Menacé par le projet de loi de finances pour 2025 qui ne prévoit plus son financement, la disparition du label serait problématique pour les acteurs du made in local nombreux à s’appuyer dessus : « Bien plus qu’une distinction, c’est un outil stratégique qui valorise notre savoir-faire, renforce notre image de marque et permet de conquérir de nouveaux marchés en célébrant notre héritage local et artisanal », souligne Catherine Cousin (Filt 1860). Pour maximiser l’impact de leur offre fabriquée localement, il est intéressant pour les commerçants de repenser la mise en scène en magasin a fortiori si celui-ci commercialise des produits de différentes gammes, fabriqués dans diverses parties du globe. La création d’espaces dédiés permet d’éviter la concurrence directe avec des produits moins coûteux. « Cette association ne fonctionne pas. Et pour cause, même en développant un argumentaire de vente solide, le produit made in local semblera encore plus cher », rappelle Caroline Lux (Avenue d’Alsace). 

Pour renforcer la pertinence de leur argumentaire, certaines entreprises, comme Goyon-Chazeau, misent sur des partenariats stratégiques. Cette entreprise familiale, doublement labellisée Entreprise du Patrimoine Vivant pour ses couteaux monocoques et entièrement forgés, a conclu un partenariat de distribution avec Emile&Co. « Nous avons reçu l’ensemble de la force commerciale durant une journée, explique Magali Soucille. Ses représentants ont visité l’atelier, posé des questions, touché les matières. Les détaillants qui, aujourd’hui, s’en tirent leur épingle du jeu sont ceux qui savent vendre de beaux produits et démontrer la différence entre deux produits. Ils le comprennent de plus en plus. » 
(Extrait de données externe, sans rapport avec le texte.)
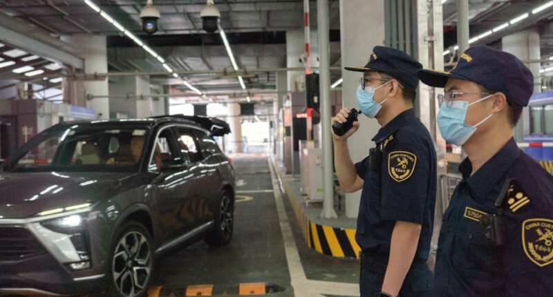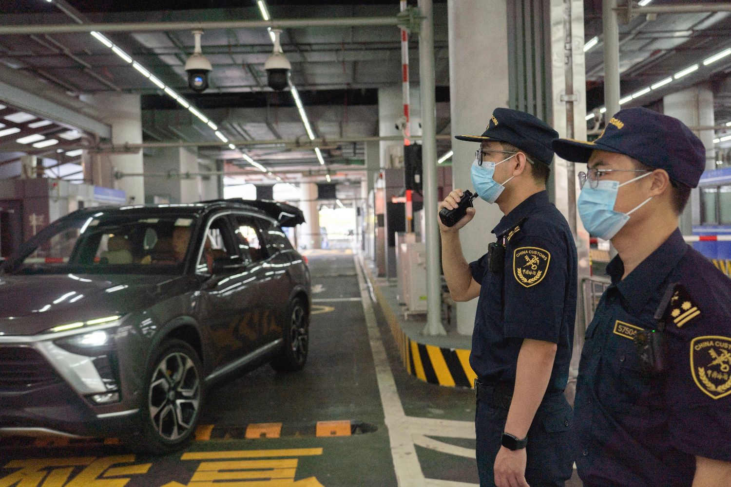 图为港珠澳大桥海关关员验放通关车辆。(图/中新社)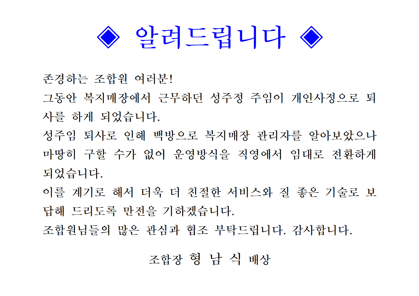 조합원이 편한 조합, 안정 속에 개혁하는 조합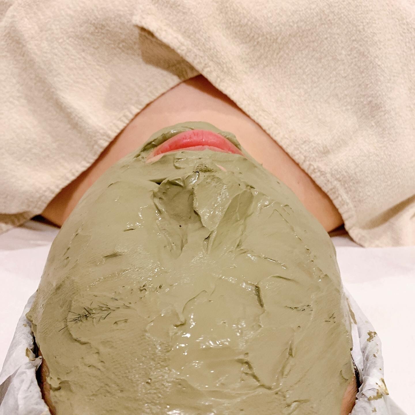 という風に筋膜の癒着を弛めて流します。その後はフェイスクレイパックで老廃物を吸収吸着します。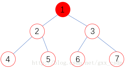 - 继续遍历3的右孩子,7入栈。此时栈为1,3,7.7无左右孩子,7退栈。不打印。3左右孩子遍历完,3退栈。1的左右孩子遍历完,1退栈。输出1,2,4,5,3,6,7。退出第一层while循环。非递归函数调用完毕。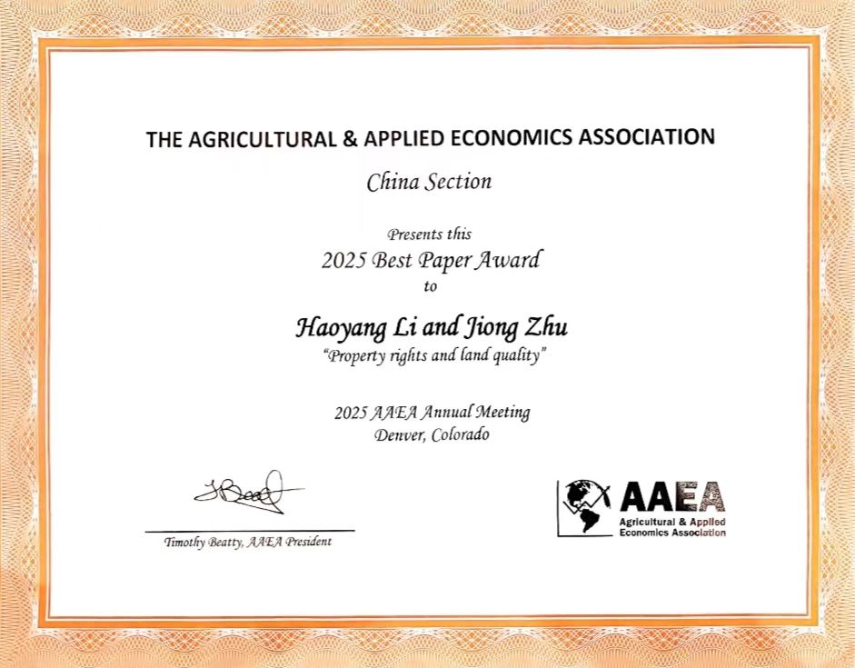 近日,美国农业与应用经济学会中国分会公布了2025年最佳论文奖,sjb世俱杯官方网站经济管理学院李昊洋教授的合作论文《Property Rights and Land Quality》获此奖项。

L’institution marseillaise, Maison Empereur l’a bien compris elle aussi. Elle a développé le concept de manufacture invitée, donnant à voir, sur une période d’un mois, le travail d’une manufacture locale. En décembre elle accueillait la Ciergerie des Prémontrés qui œuvre à Tarascon (Bouches-du-Rhône). « Ce format nous permet de valoriser ces entreprises historiques et de rappeler ce que nous défendons le mieux : la qualité évidente derrière ces objets. Il permet également de créer un rendez-vous avec nos clients autour de ces belles histoires, à découvrir chaque mois en magasin, en ligne et dans la newsletter dédiée », explique Laurence Renaux Empereur, actuelle dirigeante et 7e génération de la famille Empereur. 

L’avenir du Made in local s’annonce encourageant, soutenu par une différenciation de plus en plus marquée entre les produits locaux et les offres purement marketing, selon La Source Française. Charlotte Raynal en est convaincue, le made in France conserve un rôle clé dans un contexte de concurrence internationale accrue. Malgré des défis liés à la compétitivité, le secteur peut connaître un développement durable, porté par l’évolution du marché et l’engagement des fabricants français.